Sinn und Sinnlichkeit

Eine Aufgabe, die hilft die Sinne zu schulen. Tasten, sehen, riechen, schmecken, hören – und vielleicht auch den siebten Sinn 😉 . Wichtig für die Atmosphäre einer Geschichte!

Wo bist du gerade? Schreibe, ohne lange nachzudenken, 10 Dinge über den Ort auf, an dem du dich gerade befindest, die dir nicht aufgefallen sind, als du dich dort niedergelassen hast.

Welche Farben sind da?

Riechte es dort irgendwie besonders?

Welche Geräusche hörst du?

Was könnte gleich passieren? (7ter Sinn)

365 – Tage – Projekt: Tag 291

Thema: Aufbau für Roman Basics

Inhalt der Szene: Eine Frau/ein Mann steht am Fenster. Er/sie ist allein.

(Be)schreibe was er sieht, hört, riecht, vielleicht ertastet, was er denkt. Etwa eine halbe Seite.

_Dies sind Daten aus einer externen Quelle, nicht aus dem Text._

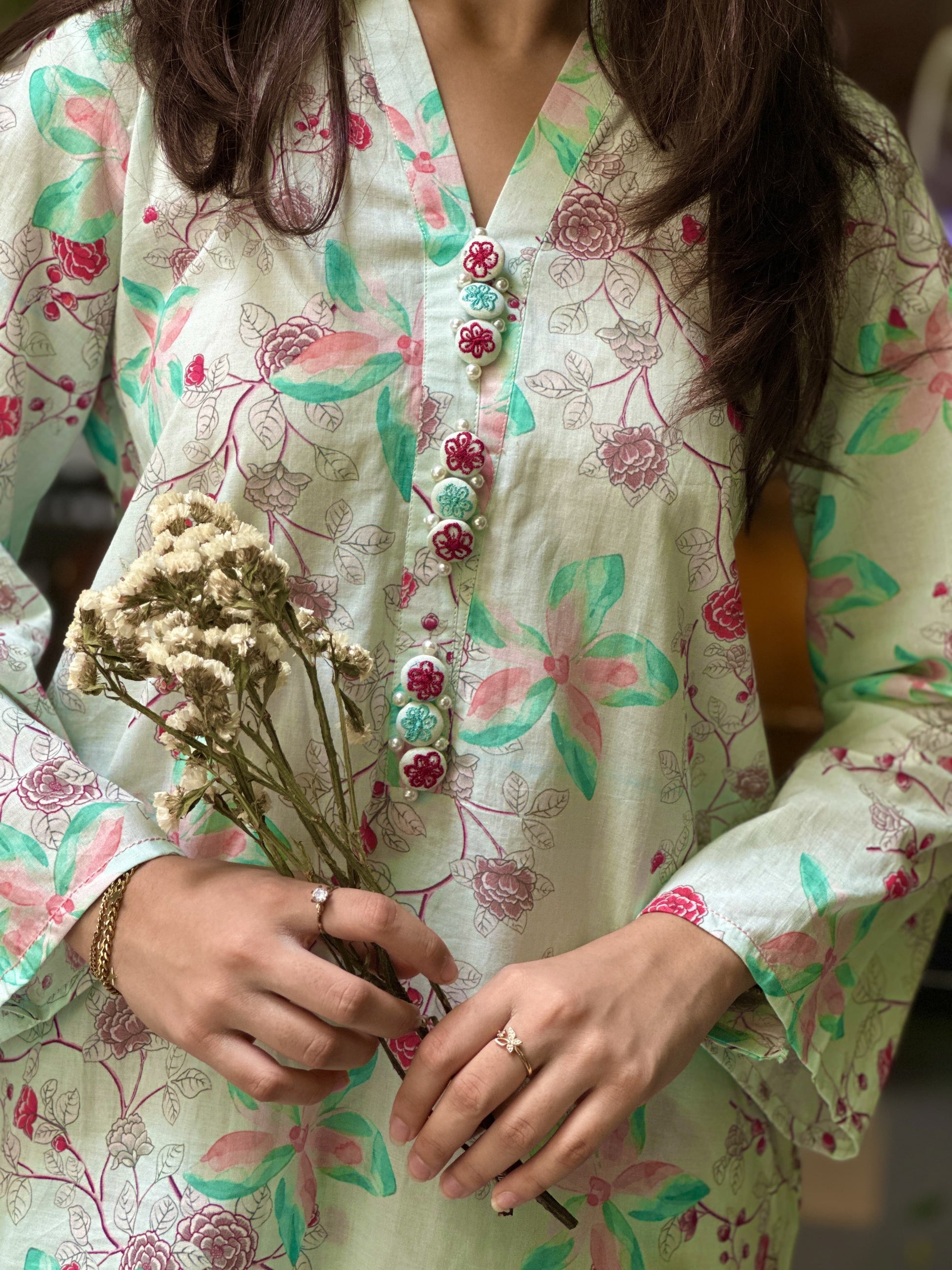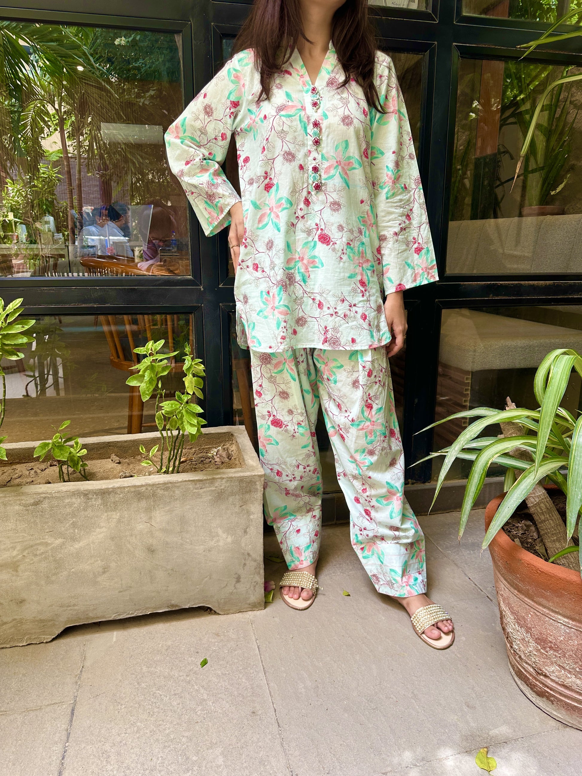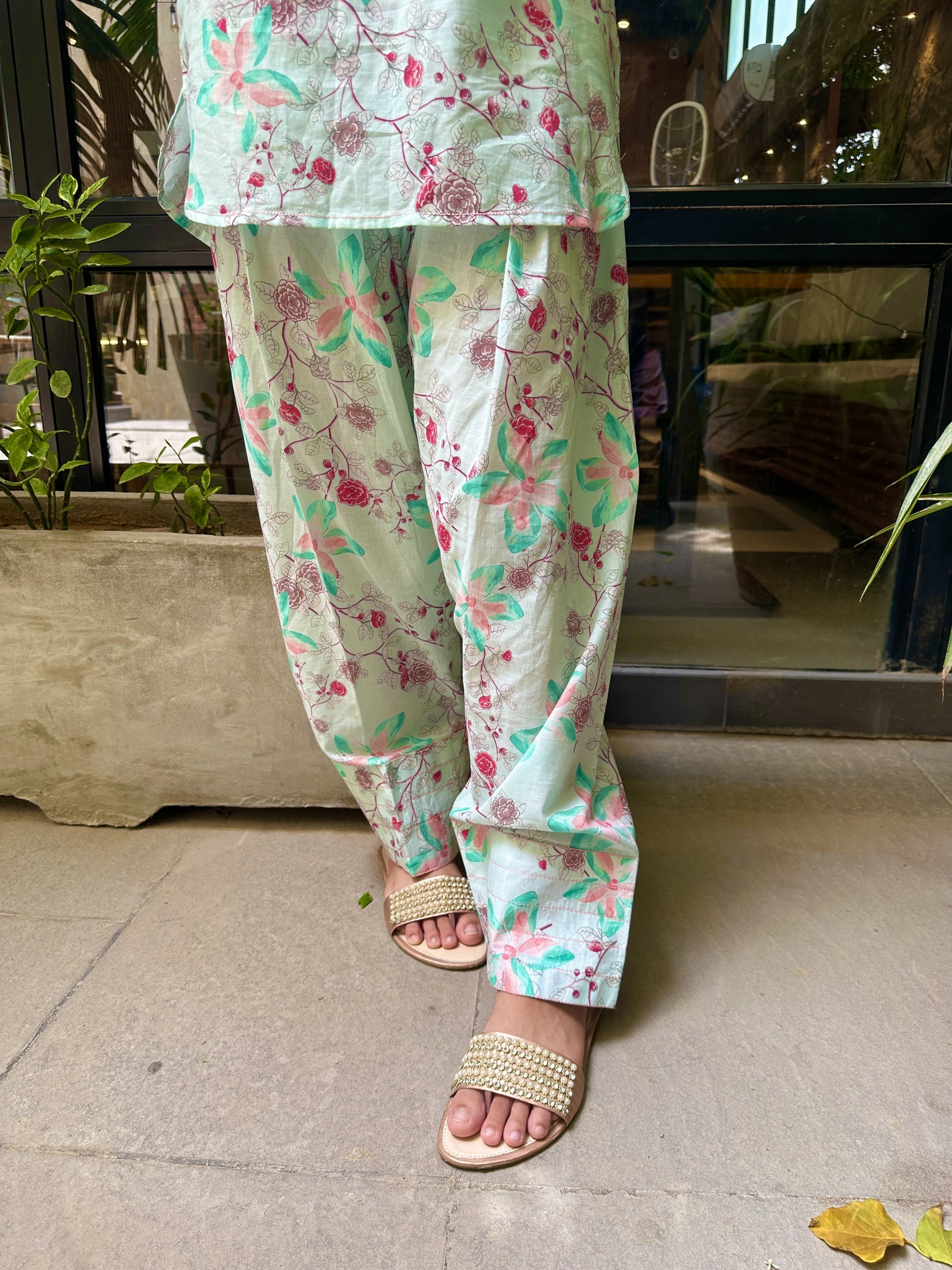 Introducing our newest arrival: 💮This stunning short shirt with farshi shalwar features a vibrant floral print in soothing light green hues, perfect for a fresh and elegant look. Pair it with your favorite accessories and rock the day💃
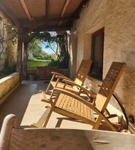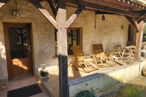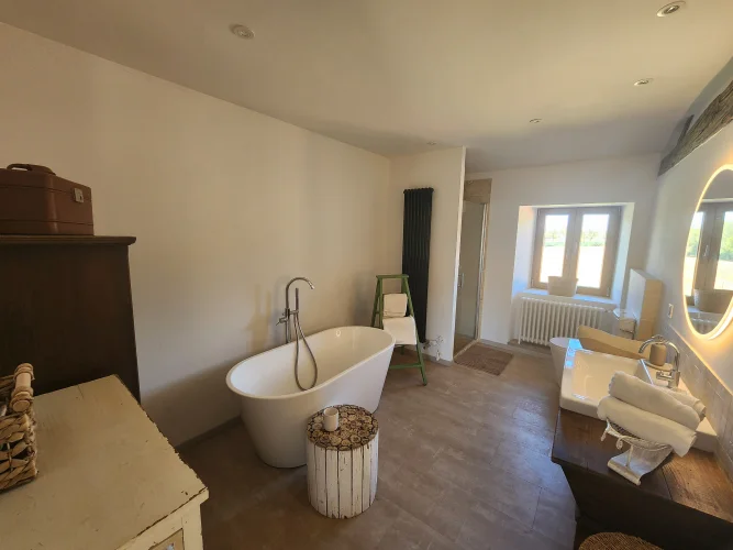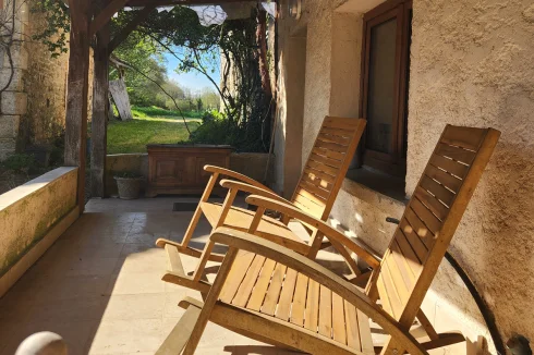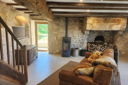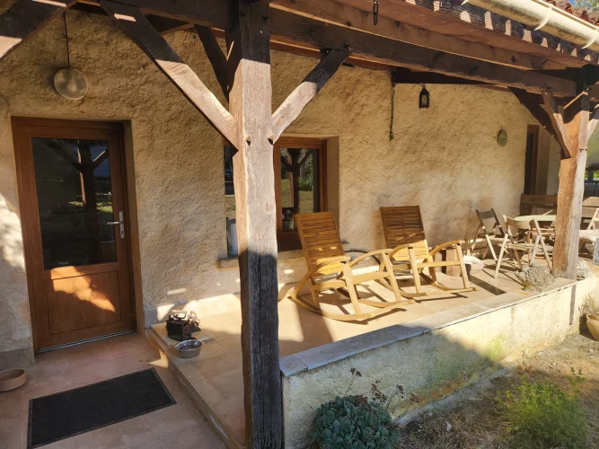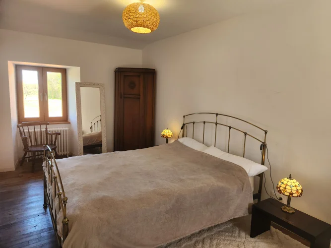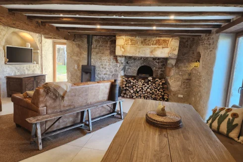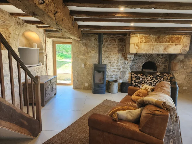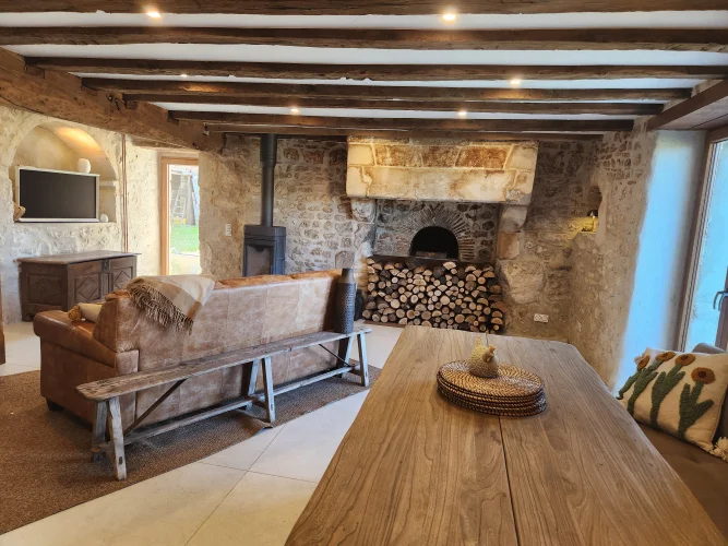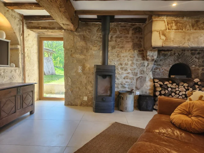 - Magnifiques murs en pierre apparente et poutres en bois, cheminée en bois, le tout entouré par la nature
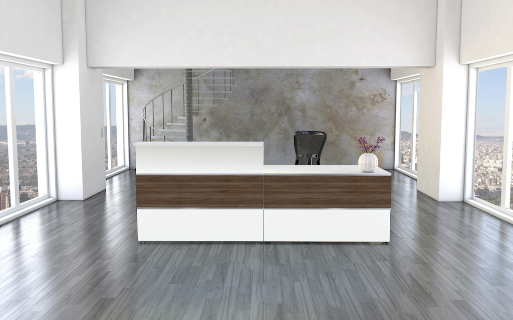 Die Empfangstheken-Kombination besteht aus einer Empfangstheke, einem Empfangstisch und Seitenblenden. Sie überzeugt durch das schlichte und doch elegante Design.
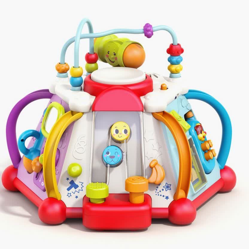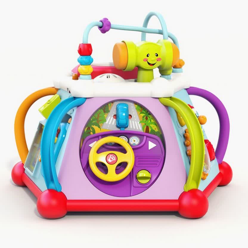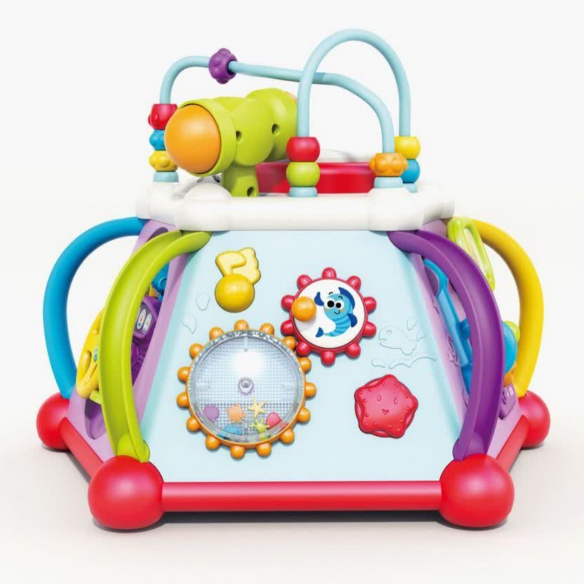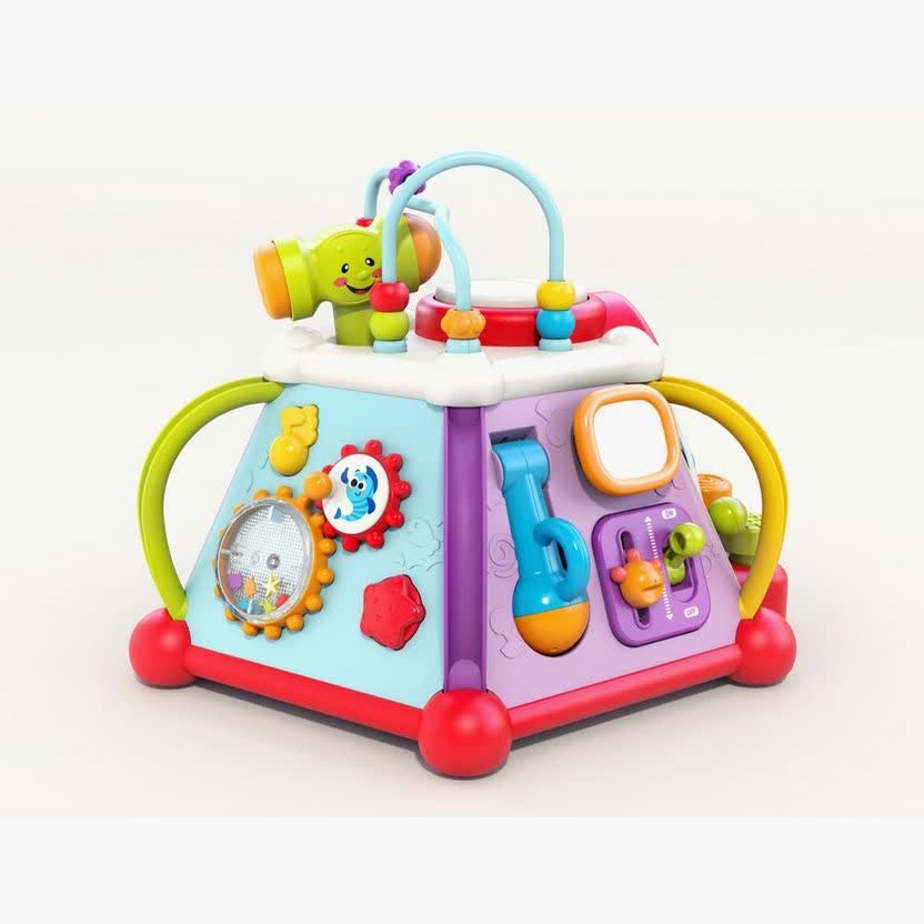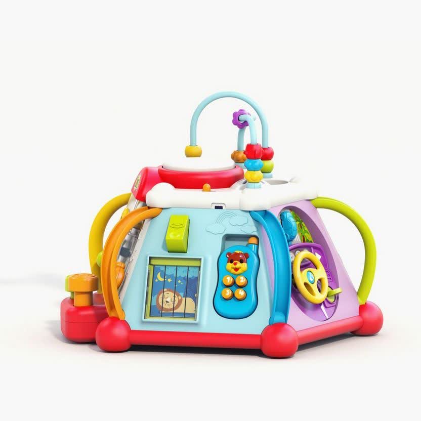 - ۱۵ فعالیت در ۶ وجه: این مکعب شامل ۱۵ بازی متنوع است، مثل چکش مهره، بازی چرخدنده، گوی مرواریدی، تلفن اسباببازی، میکروفون، درام نورانی و غیره.
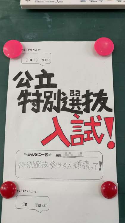教室のカウントダウンカレンダーには、今日、試験を迎えた生徒へのメッセージなどが見られます。
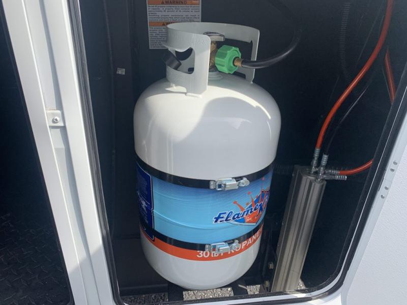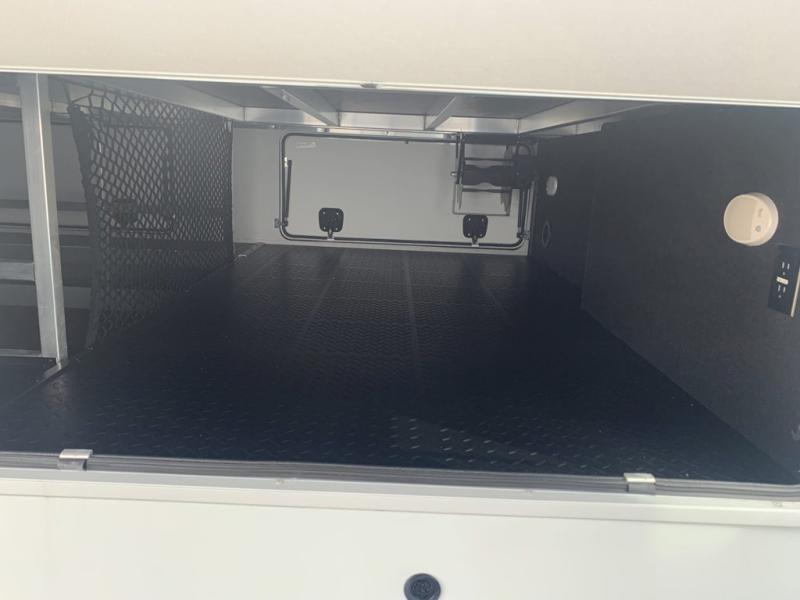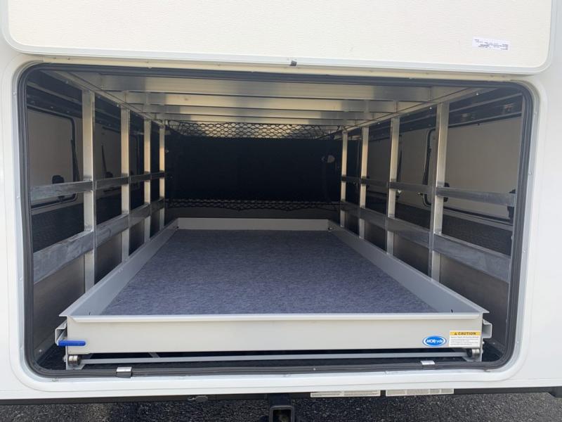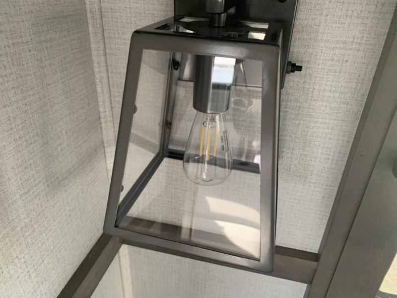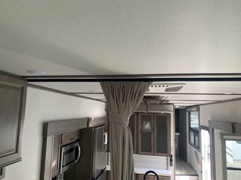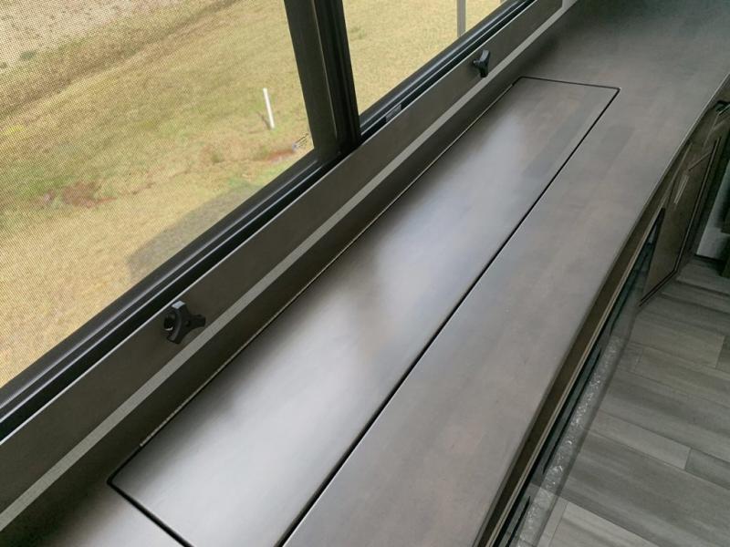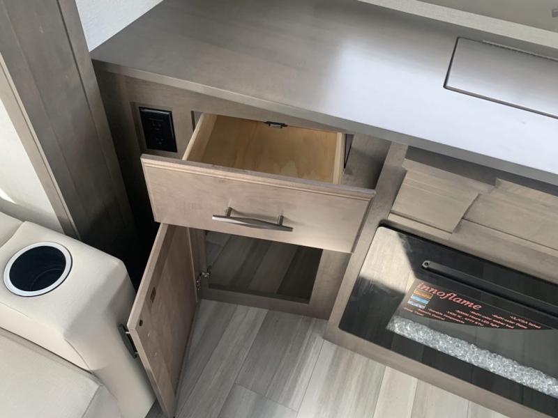 Each minute spent in this spacious fifth wheel will feel just like home! The rear living area includes a rear entertainment center with an LED Smart TV and a fireplace, overhead cabinets, theater seating, plus two tri-fold sofas for your guests to sleep on. You will have the front private bedroom all to yourselves with a queen bed slide out that can be switched out for an optional king bed, and the front closet provides all the space you need to store your belongings. This model includes a spacious full bath with a flip-up teak seat, a shower skylight, plus dual bath sinks for ultimate convenience. The chef of your group will love the middle kitchen with its convenient island including double sinks, a residential cooktop and 24" oven, 20 cu. ft. refrigerator, and free-standing dinette plus a hutch and buffet for storage. Head outdoors to find a 16' power awning with LED lights and middle pass through along with rear storage including a sliding tray, and you might want to add the optional pull-out kitchen.

Fortsetzung folgt an Tag 292 … bis Tag 300

So oder so

Eine der wichtigsten „Regeln“ beim Schreiben ist: Show don`t tell. Hier drei Sätze, die eine bestimmte Aussage treffen, aber nichts zeigen. Um zu zeigen benötigen wir alle Sinne: hören, sehen, riechen, schmecken, tasten. (Du musst nicht alle fünf Sinne auf einmal verwenden.)

Es war Sommer.

Er saß am Lagerfeuer und dachte nach.

Sie hatte Angst.

Schreibe zu jedem Satz (mindestens) einen Absatz, ohne den Satz darin zu verwenden. Lass den Leser die Sätze fühlen. Meine Versuche könnt ihr auf der Schreiberlebenseite finden. 😉

Tagebuch der Sinne

Ein toller Tipp von Linda Seger (Wie gute Autoren noch besser werden! Creativity-Workbook fürs Drehbuchschreiben):

Lege dir ein Tagebuch der Sinne an. Schreibe jeden Tag mindestens einen Eintrag für jeden Sinn(Sehen, hören, fühlen, schmecken, riechen). Dadurch lernt man aufmerksamer zu beobachten, was um einen herum vorgeht.

Übe dich darin, auf Dinge zu achten, bewusst wahrzunehmen. Was interessiert dich? Worüber regst du dich auf? Was fasziniert dich?